DETAILED DESCRIPTION OF THE INVENTION The present invention relates to a coating plate with excellent resistance to sulfurization and blackening.
In more detail, the present invention relates to a painted iron that prevents the metal material of the can from becoming black due to sulfurization due to the reaction of the resin protective coating on the inner surface of the painted iron with hydrogen sulfide.

Conventionally, in food canning in which various agricultural products, livestock products, marine products, or processed products thereof are filled into cans made of tin-plated steel plates (tin plate), the round surface of the can turns black, which is called sulfide island change. Corrosion is known to occur.

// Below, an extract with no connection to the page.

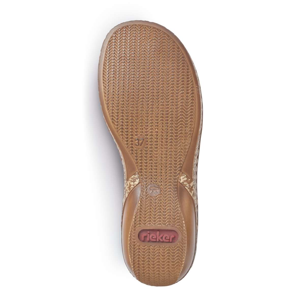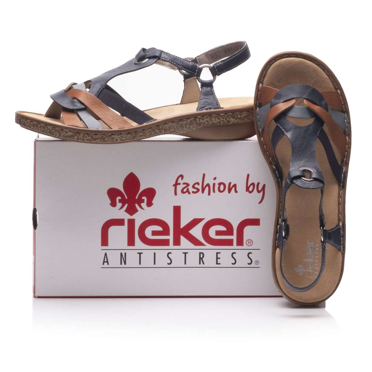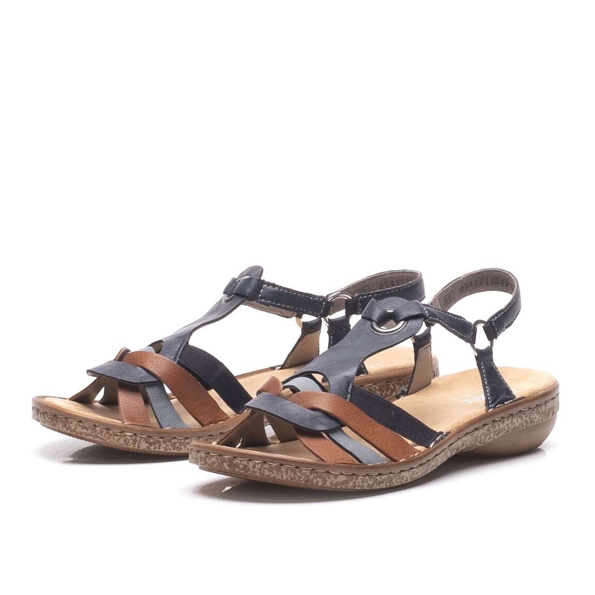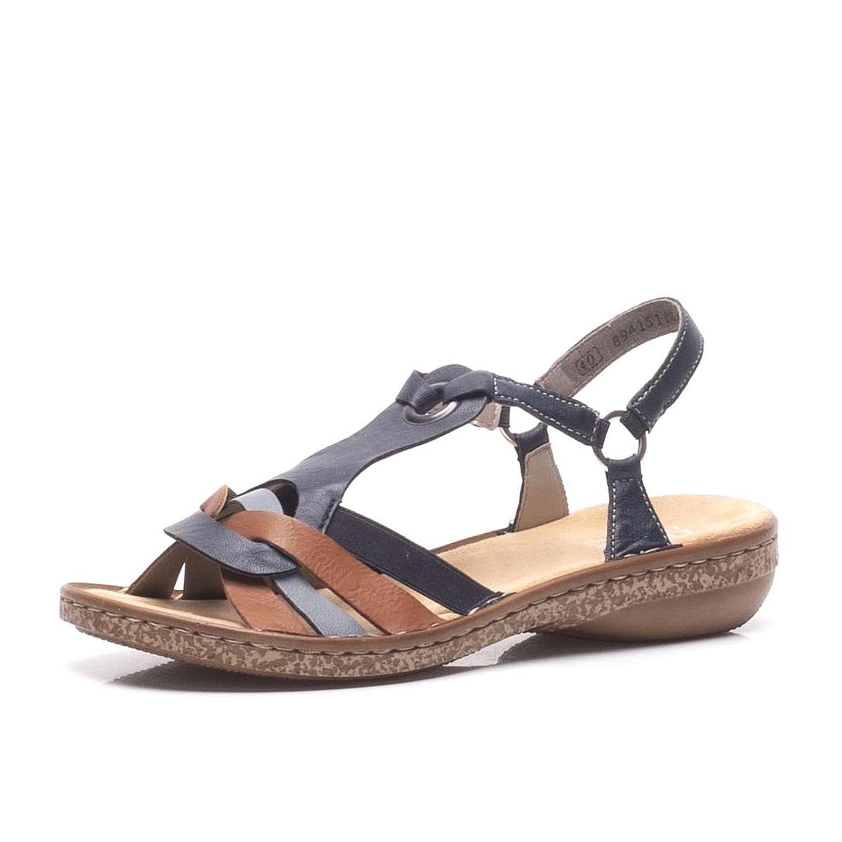 Tento letní model značky RIEKER, je zajímavý svým střihem a barevným provedením, kombinace hnědé barvy s modrou působí sportovně, takže si je můžete vzít k džínům nebo kraťasům. Obuv je vyrobena z kvalitního syntetického materiálu a jejich podpatek je vysoký 3,5cm.

This sulfide blackening is caused by the decomposition of some of the sulfur-containing ino acids contained in food proteins, etc. mentioned above, generating trace amounts of mercaptan in hydrogen sulfide, which reacts with metal tin to form tin sulfide. It is said that there is.

In order to prevent sulfide blackening of tin cans, it is common practice to paint the surface of the tin with an organic resin paint to create what is called an internally coated tin can. Prevention is not complete, and it is recognized that considerable sulfide blackening still occurs, especially in processed areas.

Some attempts have already been made to eliminate this sulfide blackening of tin cans with internal coatings. One such attempt was
One method is to mix zinc oxide into the paint to absorb the generated hydrogen sulfide in the form of zinc sulfide, and the other is to mix aluminum flakes into the paint to completely remove the tin plating layer. This is what they are trying to hide. However, when such pigments are mixed into the protective coating of metal materials for iron making, the workability of the material itself becomes extremely poor.
The desired objectives have not yet been achieved.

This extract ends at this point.